's5cmd cat' sub command is not using concurrent connections

[kaazoo]

's5cmd cat' sub command is not using concurrent connections, like 's5cmd cp' does.

My use-case is downloading a 427 GB tarball from S3 and extracting it on the fly: time s5cmd cat s3://bucket/file.tar.zst - | pzstd -d | tar -xv -C /

Example EC2 instance type: c5d.9xlarge with 36 CPU cores, 72 GB RAM, 900 GB local SSD

When just comparing the download part with aws cli:

# time aws s3 cp s3://bucket/file.tar.zst - | cat >/dev/null
real    37m56.415s
user    22m50.195s
sys     19m8.677s
(around 192 MB/s)

With 's5cmd cat':

# time s5cmd cat s3://bucket/file.tar.zst >/dev/null
Still running. Only around 85 MB/s on a single S3 connection, according to netstat.

With 's5cmd cp' and writing to disk (without decompression):

time s5cmd cp s3://bucket/file.tar.zst /file.tar.zst
real    23m58.230s
user    7m56.734s
sys     22m40.482s
(around 304 MB/s)

With higher concurrency and larger parts:

# time s5cmd cp -c 36 -p 600 s3://bucket/file.tar.zst /file.tar.zst
real    10m3.064s
user    6m53.378s
sys     41m30.392s
(around 729 MB/s)

[igungor]

cat command uses stdout as the output "file". stdout is not a seekable writer, meaning we can use multiple connections for download, but can't use multiple threads for writes due to ordering guarantee.

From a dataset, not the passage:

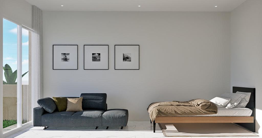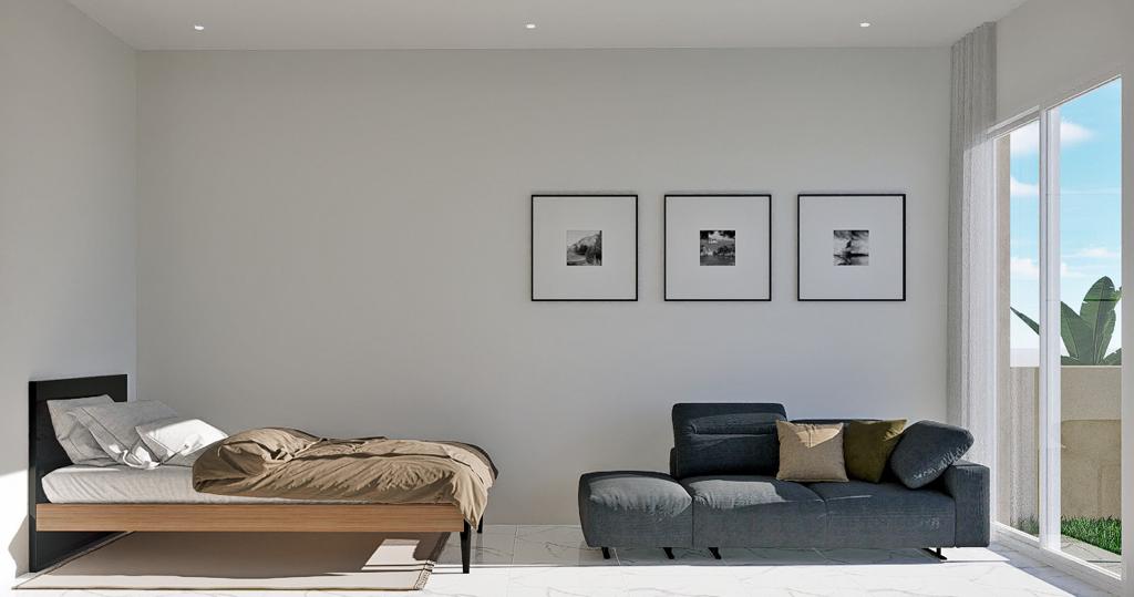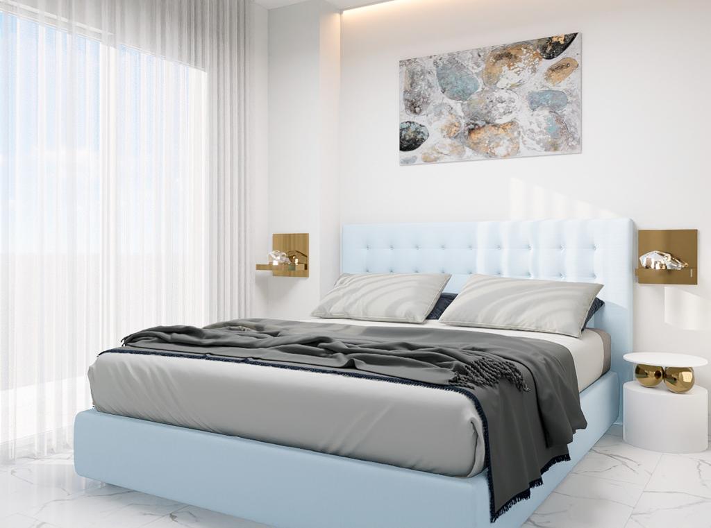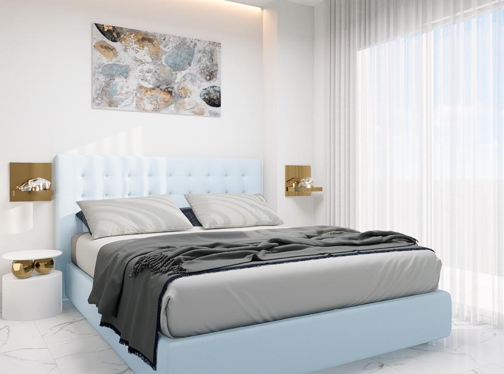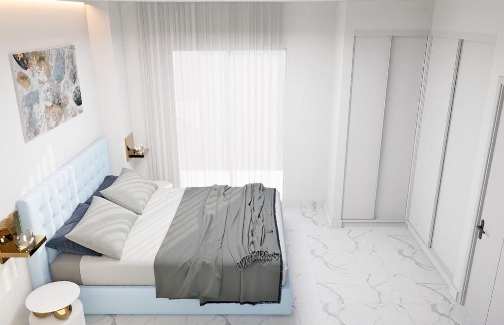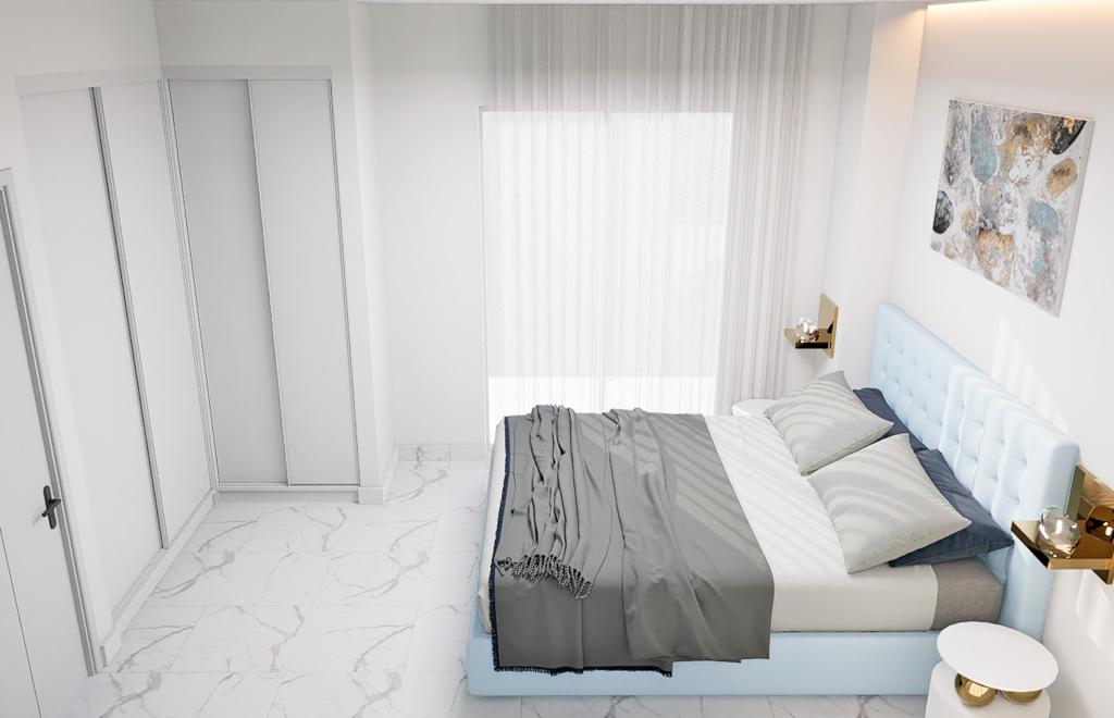 Die Schlafzimmer sind mit LED-Leuchten, Pendelleuchten, großen Fenstern, die für viel Licht sorgen, mit elektrischen Jalousien und modernen, weiß lackierten Einbauschränken ausgestattet.

I'm surprised that awscli can achieve better throughput than s5cmd on a similar execution.

[thecooltechguy]

We are also facing this exact same behavior, and aws s3 cp ... - provides better throughput than s5cmd cat. Does s5cmd support copying to stdout?

[fiendish]

I'm surprised that awscli can achieve better throughput than s5cmd on a similar execution.

AWSCLI achieves better-than-single-stream-but-worse-than-fully-parallel throughput to stdout with slightly higher initial latency and significant RAM usage by filling a decently sized ring buffer in parallel and only cycling in new chunks when the earliest chunk completes. My understanding from the last time I looked was that s5cmd's cat didn't do this. Anecdotally, it's definitely possible to get better throughput than their python implementation for the same RAM cost, but the RAM cost is not exactly small.

[igungor]

Thanks for the pointers @fiendish. I thought about the same but haven't had the time to read the source code.

We can use the same approach. If anyone wants to contribute, we'd be very happy to review.

[fiendish]

I've implemented something for it in Python before as an experiment, but unfortunately I don't know golang so can't easily help here. If anyone is thinking of doing this without wanting to contemplate the method too hard, my dead simple approach for Python was to use a slightly modified concurrent.futures.Executor.map that only allowed max N results resident in RAM at a time (instead of the standard executor that limits in-flight threads but doesn't bound result storage). Then it was just setting some desired N and desired read size per thread, and the threads were bog standard range read requests.

[VeaaC]

A download a load of compressed files and pipe them directly into the decoder. The lack of parallel downloads when outputting to stdout seems to hurt speed very noticeably, up to the point where it is faster to download the 3-times larger uncompressed version of the data.

[VeaaC]

I did a quick prototype in Rust ( https://github.com/VeaaC/s3get ) that just uses X threads, keeps results in a sorted binary tree to be written by another thread, and limits the amount of pending data to 2*X blocks. This works very well, and I mostly saturate the 2.5 GBit connection.

I am not very experienced in Go, so I cannot port such an approach myself, but I imagine that it should not be much longer / more difficult.